* **Task statement**: A faithful copy of the data below is required, leaving out every picture.

*** Dataset content ***

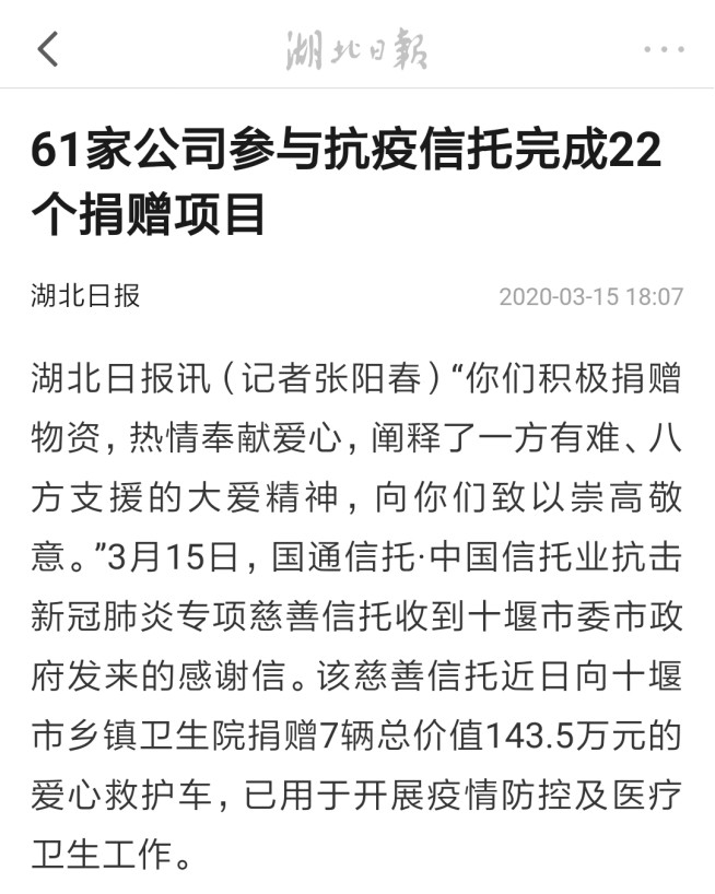 湖北日報:61家公司參與抗疫信托完成22個捐贈項目
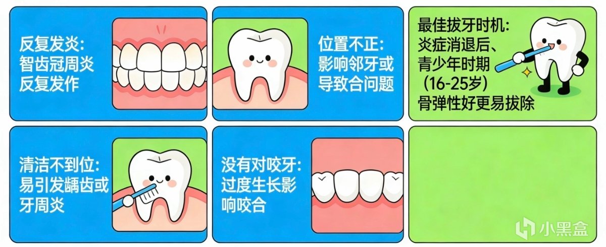 清洁不到位:智齿在最里面,刷不干净,容易蛀牙,还可能连累邻牙。
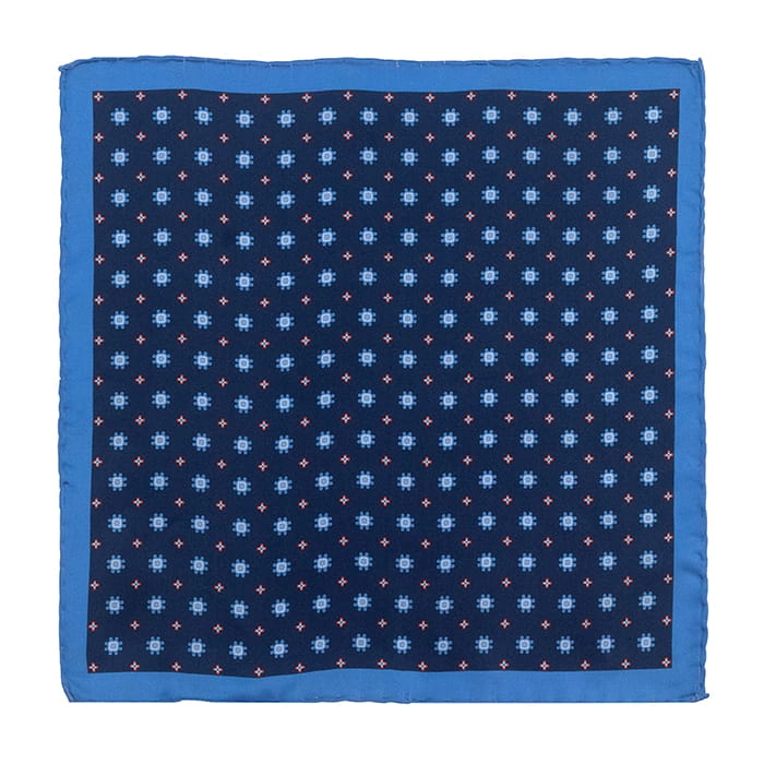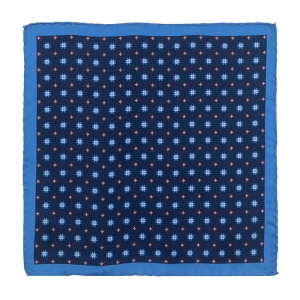 Poszetka jedwabna niebieska we wzory obszyta ręcznie EM 57

***

* **Response to this exercise**:
 湖北日報:61家公司參與抗疫信托完成22個捐贈項目
 清洁不到位:智齿在最里面,刷不干净,容易蛀牙,还可能连累邻牙。
 Poszetka jedwabna niebieska we wzory obszyta ręcznie EM 57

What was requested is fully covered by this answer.